Let $\{(\Omega_k, \Sigma_k, P_k)\}_{k\geq 1}$ be a sequence of probability spaces. I am trying to prove the statement below in order to use it and get a pre measure and then use the Hahn kolomogrov theorem to get a probability measure on $\prod_{k=1}^{\infty} \Omega_k$. The statement I want to show is:
For every $k\geq 1$, let $\{E^{(k)}_j\}_{j\geq 1}$ be a sequence in $\Sigma_k$. It is given that:
1) $\forall j\geq 1[ \,\,\,|\{k\geq 1:E^{(k)}_j\not= \Omega_k\}|<\infty \,\,\,\,]$
2) $\prod _{k=1}^{\infty} \Omega_k=\cup_{j=1}^{\infty}(\prod _{k=1}^{\infty} E^{(k)}_j) $ and the sets in the collection $\{\prod _{k=1}^{\infty} E^{(k)}_j\}_{j\geq 1}$ are pairwise disjoint.

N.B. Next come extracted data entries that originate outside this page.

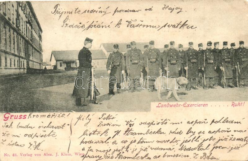 Landwehr-Exercieren... Ruht! / K.u.K. military exercise, dog (wet dama... https://www.darabanth.com/de/271-Fernauktion/271.0/Ansichtskarten/Militaria~200059/Landwehr-Exercieren-Ruht-KuK-military-exercise-dog-wet-damage~II1378481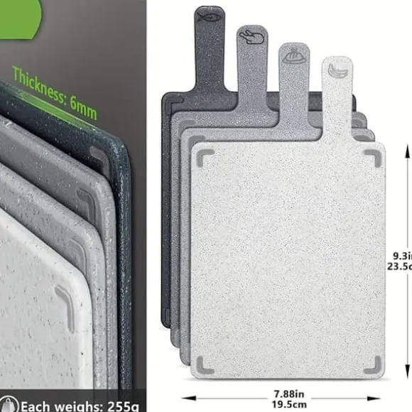 Varje skärbräda mäter 19.5 x 23.5 cm (7.88 x 9.3 tum), en bekväm och rymlig yta som passar utmärkt för alla typer av matförberedelser – från hackning till uppläggning.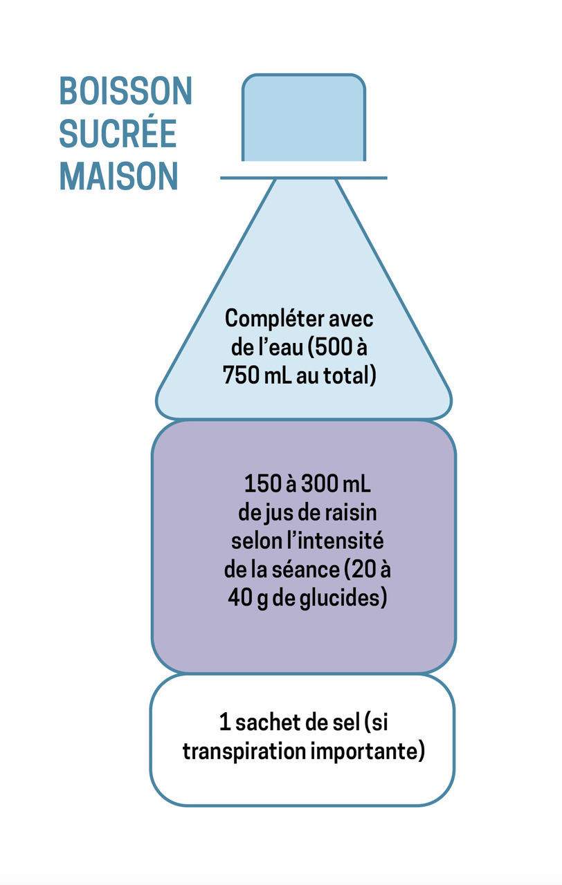 - en cas de difficulté à consommer des aliments solides, boisson énergétique dont l’apport glucidique doit se situer entre 20 et 40 g/L.
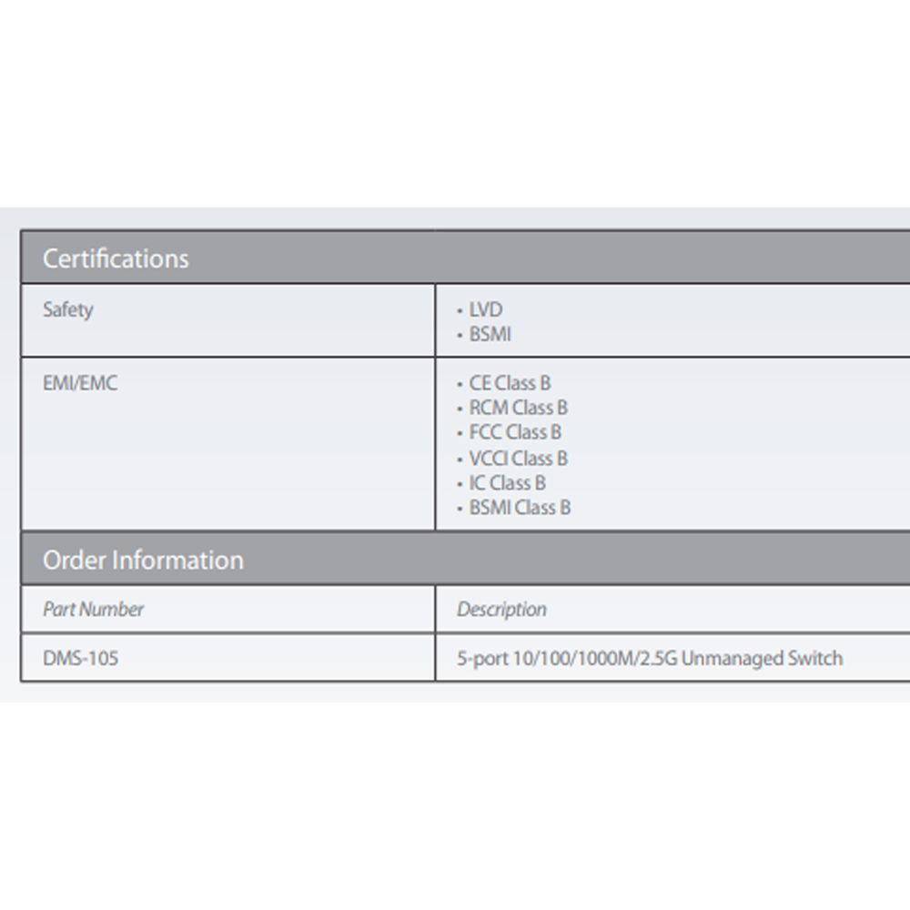 連接埠數量/介面5埠10/100Mbps/1G/2.5G BASE-T。 提供25Gbps交換背板頻寬、4K網路硬體位址數量(MAC Address)。 具LED顯示燈號,可顯示電源、連接、速度等狀態。 金屬外殼有助散熱、隨插即用方便上手。 無風扇靜音設計。 尺寸:100.5 x 82 x 28 mm,可壁掛;不可安裝19吋機架。 電源:外接式電源變壓器 (輸出:DC 12V/1A) 。 操作溫度:攝氏0to40°C。 符合BSMI,具BSMI DoC符合性聲明書。 軟體功能,支援IGMP Snooping(支援MOD)、802.3x Flow Control、802.1p QoS、802.3az Energy Efficiency Ethernet (EEE)節能標準。 支援IEEE 1905.1標準協議。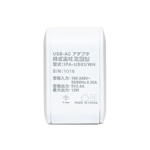 ミヨシ IPA-US03/WH 薄型 USB-ACアダプタ 2ポート 自動出力制御IC搭載 ホワイトIPAUS03/WH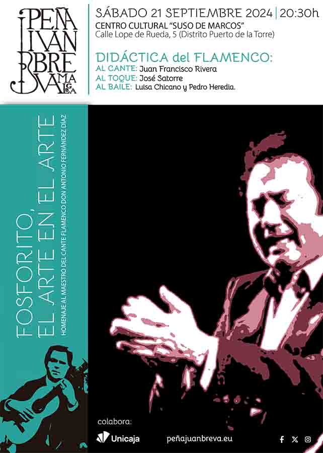 Esta noche, a las 20:30 horas, se celebrará en la Casa Museo Suso de Marcos, situada en la Calle Lope de Rueda, nº 5, en Puerto de la Torre, un emotivo homenaje a Antonio Fernández Díaz, conocido artísticamente como Fosforito. Bajo el título «Fosforito, el arte en el arte», el evento contará con la proyección de parte del documental «Una historia de Flamenco», en honor a este Maestro del Cante.
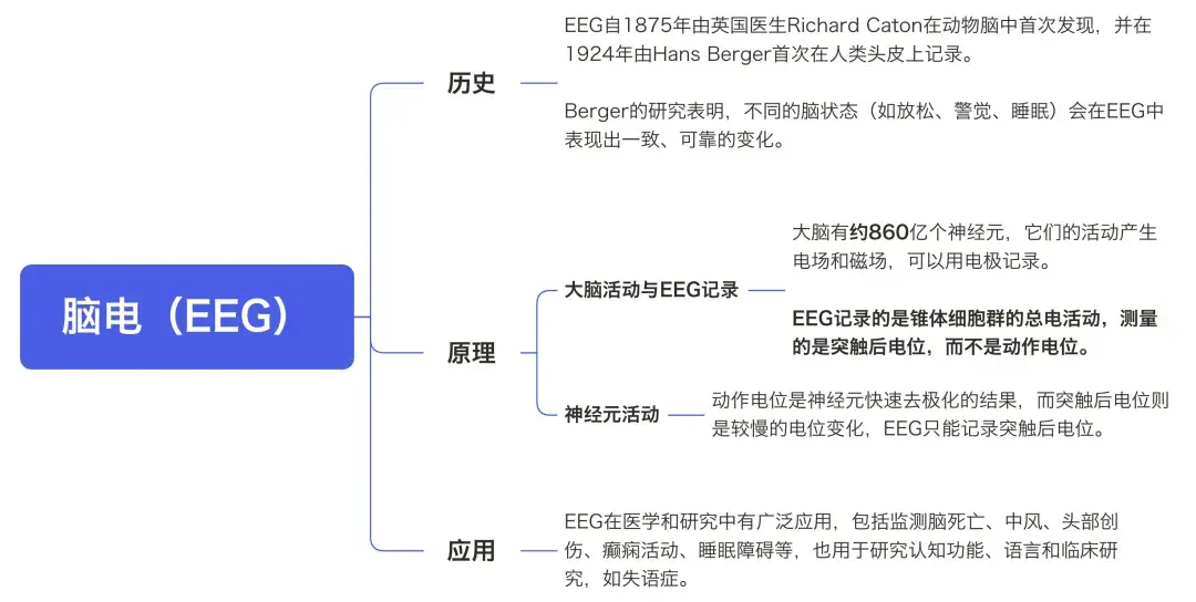 EEG提供了关于大脑整体活动的时间分辨率高的数据,它可以用于检测大脑在特定时间段内的整体电活动模式。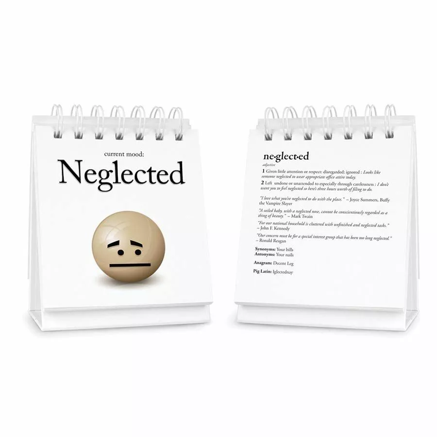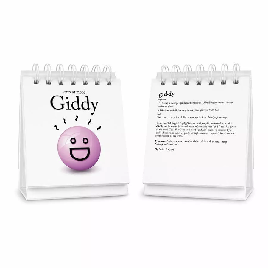 Fair warning for your co-workers Some days the office is like a tea party, other days it’s a lions’ den. That’s why The Daily Mood is a crucial desk-top accessory! It spells out everyone’s demeanor in no uncertain terms. There are 47 moods to choose from, each with its own smiley along with a snarky definition, fascinating facts, and sample sentences. It’s lo-tech “social networking” fun. Individual peggable giftboxes. Design: Carl Mitsch, Fred studio. Concept by Tabitha White
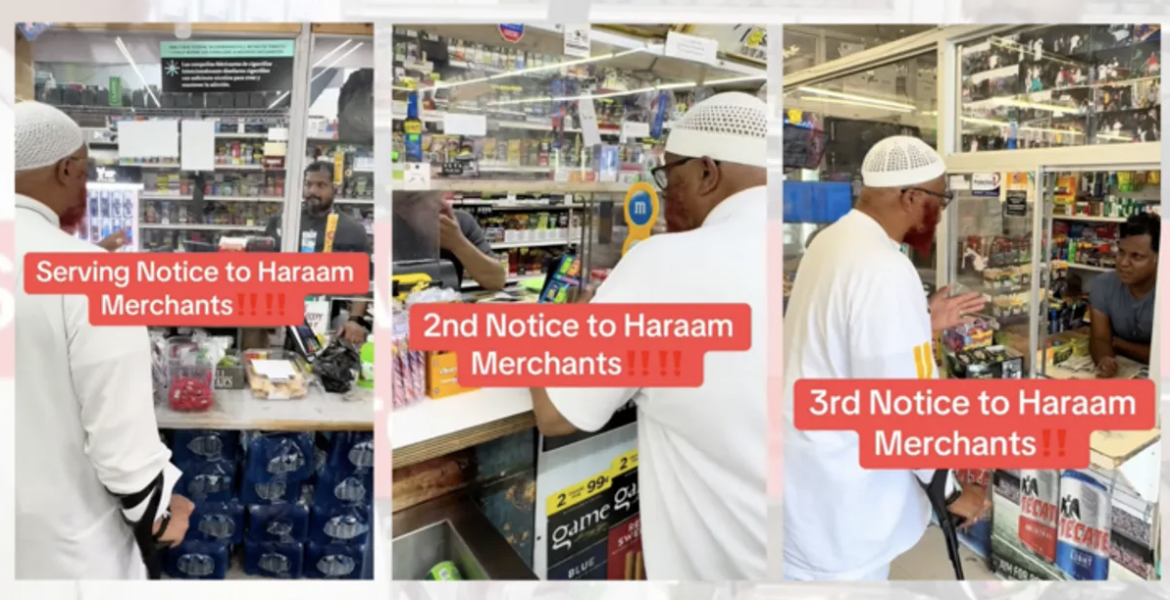 Imam F. Qasim ibn Ali Khan of Masjid At-Tawhid was seen in viral videos urging Muslim shop owners to comply with Islamic teachings by removing what Islam considers haram, or forbidden products. In the footage, Khan warned that businesses refusing to comply could be targeted by organized protests by the end of the month.

then $\sum_{j=1}^{\infty}(\prod _{k=1}^{\infty} P_k(E^{(k)}_j))=1 $.
I tried to prove it but only succeeded in proving special cases. If anyone can give me hints, that would be great.
Thank you a lot.
First, let's introduce some notation. Fix $n\geq 1$, and suppose $F_k\subseteq\Omega_k$ are measurable sets for each $k\geq n$ such that all but finitely many of them are $\Omega_k$. Let $P^n(\prod_{k=n}^\infty F_k)=\prod P_k(F_k)$. It is not hard to show that this gives rise to a finitely additive function on the Boolean algebra of finite unions of such products (you prove this in the course of constructing finite product measures). Write $A_j=\prod_k E_j^{(k)}$; we wish to show that $\sum_j P^1(A_j)=1$. It follows from finite additivity of $P^1$ and disjointness of the $A_j$ that $\sum_j P^1(A_j)\leq 1$. So suppose for a contradiction that $\sum_j P^1(A_j)<1$.
Fix $x\in\Omega_1$, and write $A_j(x)=\prod_{k=2}^\infty E_j^{(k)}$ if $x\in E_j^{(1)}$, and $A_j(x)=\emptyset$ if $x\not\in E_j^{(1)}$. Then the function $f_j(x)=P^2(A_j(x))$ is a measurable function on $\Omega_1$ for each $j$, with $\int_{\Omega_1} f_j=P^1(A_j)$. Now consider the function $f(x)=\sum_j f_j(x)$. Since $\sum_j P^1(A_j)<1$, $\int_{\Omega_1} f<1$, so there exists some $x_1\in\Omega_1$ such that $f(x_1)<1$, i.e. such that $\sum_j P^2(A_j(x_1))<1$.
Now repeat the argument of the previous paragraph, with the sets $A_j$ replaced by the sets $A_j(x_1)$ and $P^1$ replaced by $P^2$. The argument above gives that there exists $x_2\in \Omega_2$ such that $\sum_j P^3(A_j(x_1,x_2))<1$ (where $A_j(x_1,x_2)$ is defined in the obvious way). Continuing by induction, we find a sequence of points $x_k\in \Omega_k$ such that for each $k$, $\sum_j P^{k+1}(A_j(x_1,\dots,x_k))<1$.
Since $\bigcup_j A_j=\prod_k \Omega_k$, there must be some $j$ such that the sequence $x=(x_1,x_2,\dots)$ is in $A_j$. But if $n$ is such that $E_j^{(k)}=\Omega_k$ for all $k>n$, then $A_j(x_1,\dots,x_n)=\prod_{k=n+1}^\infty \Omega_k$, so $P^{n+1}(A_j(x_1,\dots,x_n))=1$. This is a contradiction, since the $x_i$ were chosen such that $\sum_j P^{n+1}(A_j(x_1,\dots,x_n))<1$.